Stable foams occur when surfactants are present, forming an interfacial layer around air bubbles that are entrained in the coating medium. Unfortunately, surfactants are essential components of waterborne formulations since they function as emulsifying agents for the polymeric binders, as dispersing agents for the pigments and fillers, and as wetting agents to modify the spreading characteristics of the coating. Also, the dispersing and mixing stages during manufacture cause entrapment of air. If the physical and chemical conditions that cause foam cannot be altered, the addition of foam-preventing or foam-destroying agents is the best option available to the formulator.

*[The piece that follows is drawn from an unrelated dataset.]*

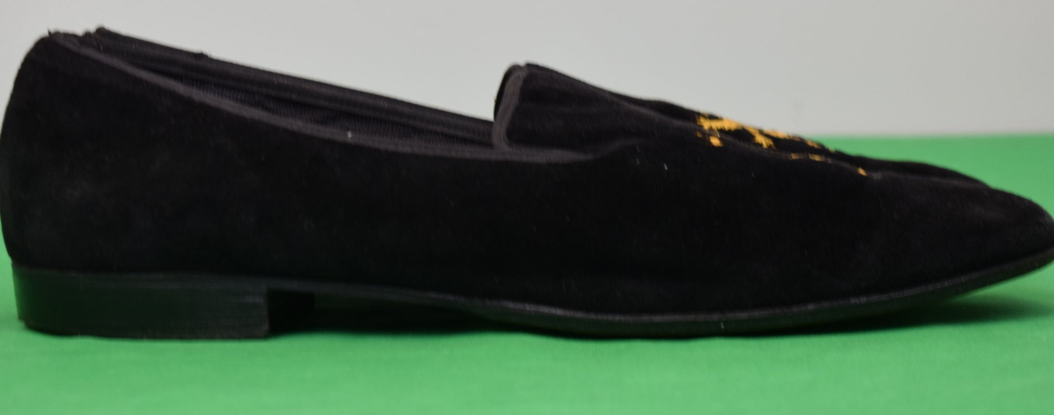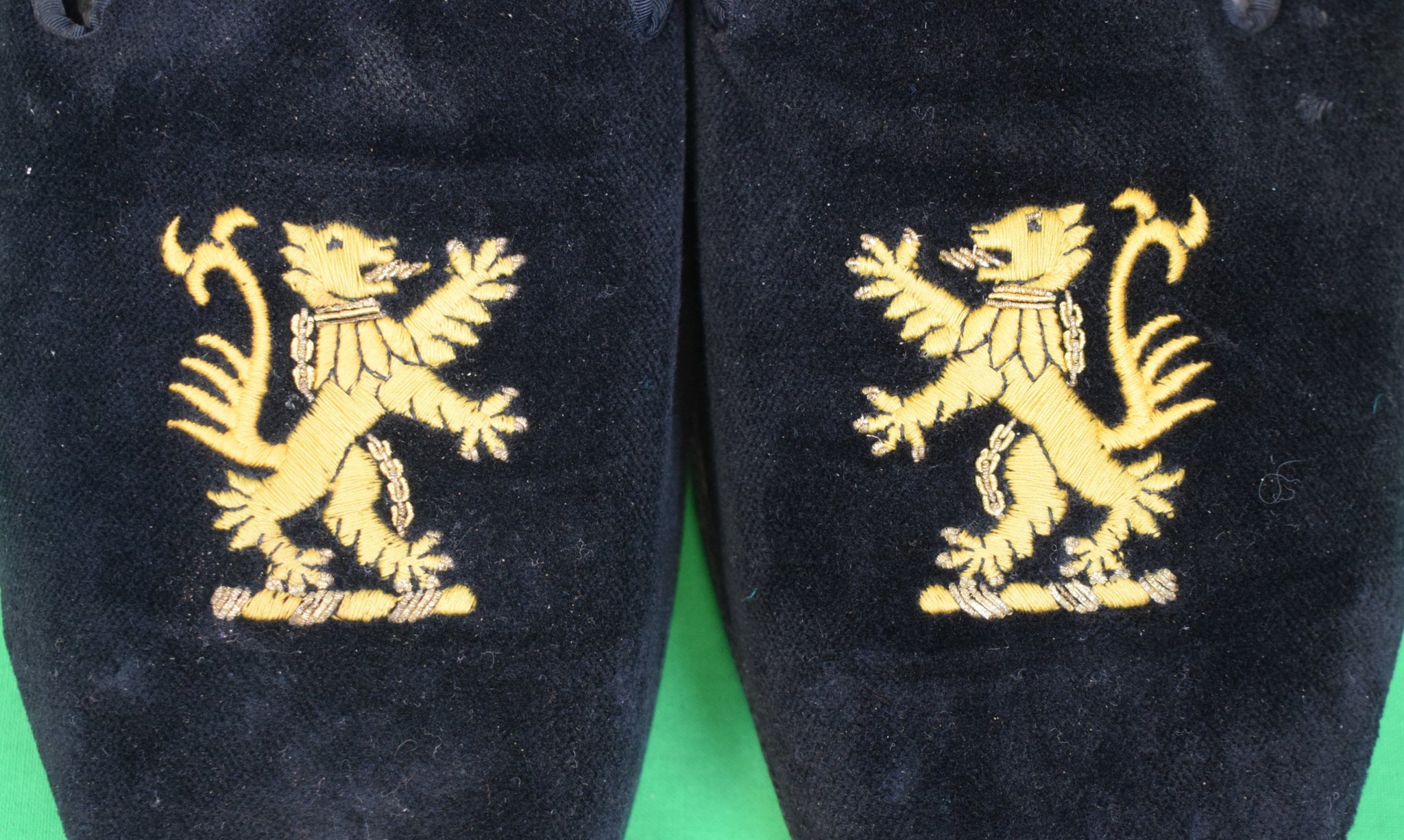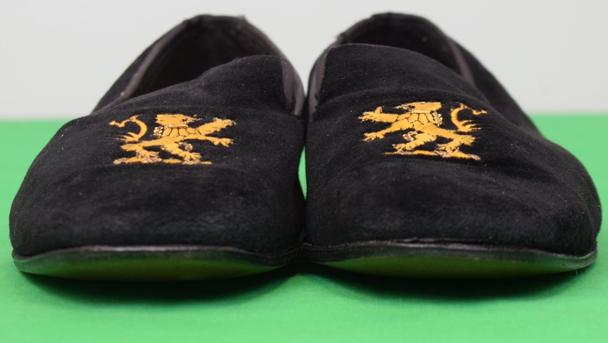"Brooks Brothers x Peal & Co Black Velvet Slippers w/ Gold Embroidered Rampant Lion" Sz 11 1/2
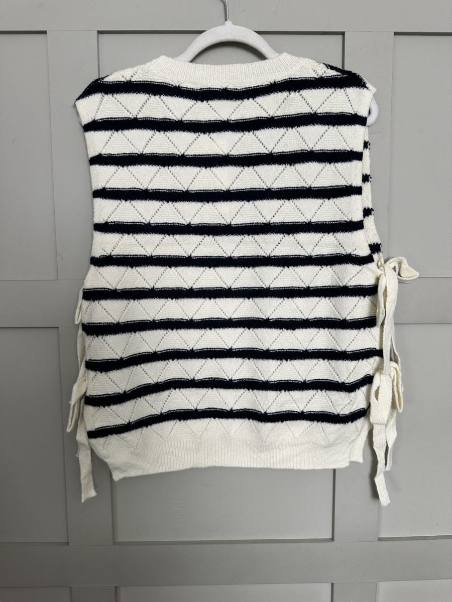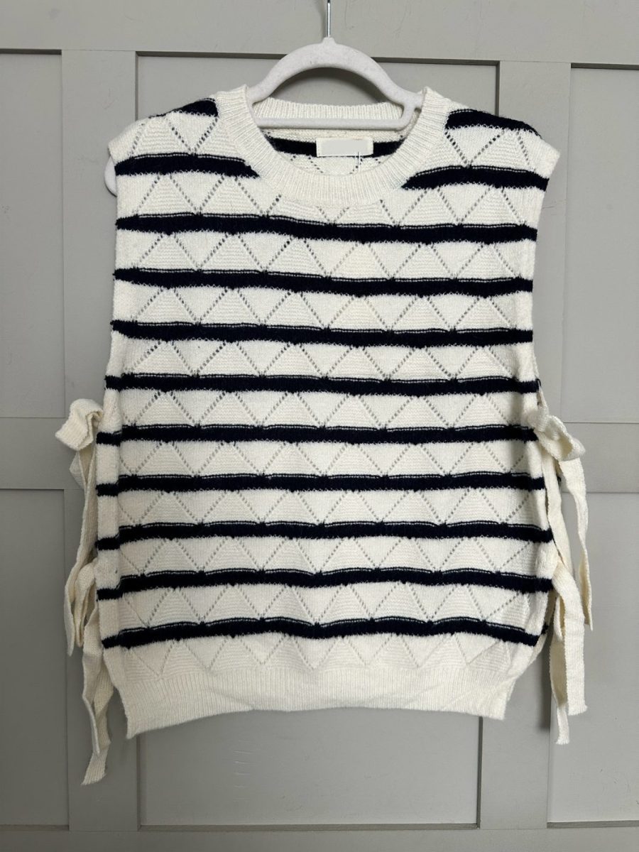 The super soft Cerina tank top is a great layering piece and can be worn over vests, blouses and T shirts. It has a pretty zig zag design in the knit, horizontal stripes and two side ties on either side which can be adjusted to suit your size.

Figure 1 / Schematic of Antifoaming Mechanism Showing Entering, Bridging, Dewetting and Rupture of a Foam Wall1

Foam-Destabilization Mechanisms

Foam-control agents can be classified as antifoams or defoamers. Although the two terms are often used interchangeably, strictly speaking, antifoams prevent the formation of stable foams, while defoamers act by destabilizing already existing foams. Foam-control agents function by a variety of mechanisms to prevent or rupture foam1. Individual antifoam efficiency is determined by three key factors:
    Insolubility of the antifoam agent in the foaming medium;

    Low surface tension, so that it can be uniformly dispersed throughout the formulation;

    Ability to penetrate into the foam wall (or lamellae).

Foam-control agents or defoamers must be insoluble in the foaming medium. They function by being more surface active than the surfactant stabilizing the foam so that they are able to enter the surface layers of the potentially foaming liquid and displace it from the gas/liquid interface. The mixed surfactant layers now prevent close association of molecules and exhibit low elasticity. The presence of random, highly surface active, insoluble molecules in the surface film interrupts foam stabilization via the Marangoni effect, and thus foaming is prevented.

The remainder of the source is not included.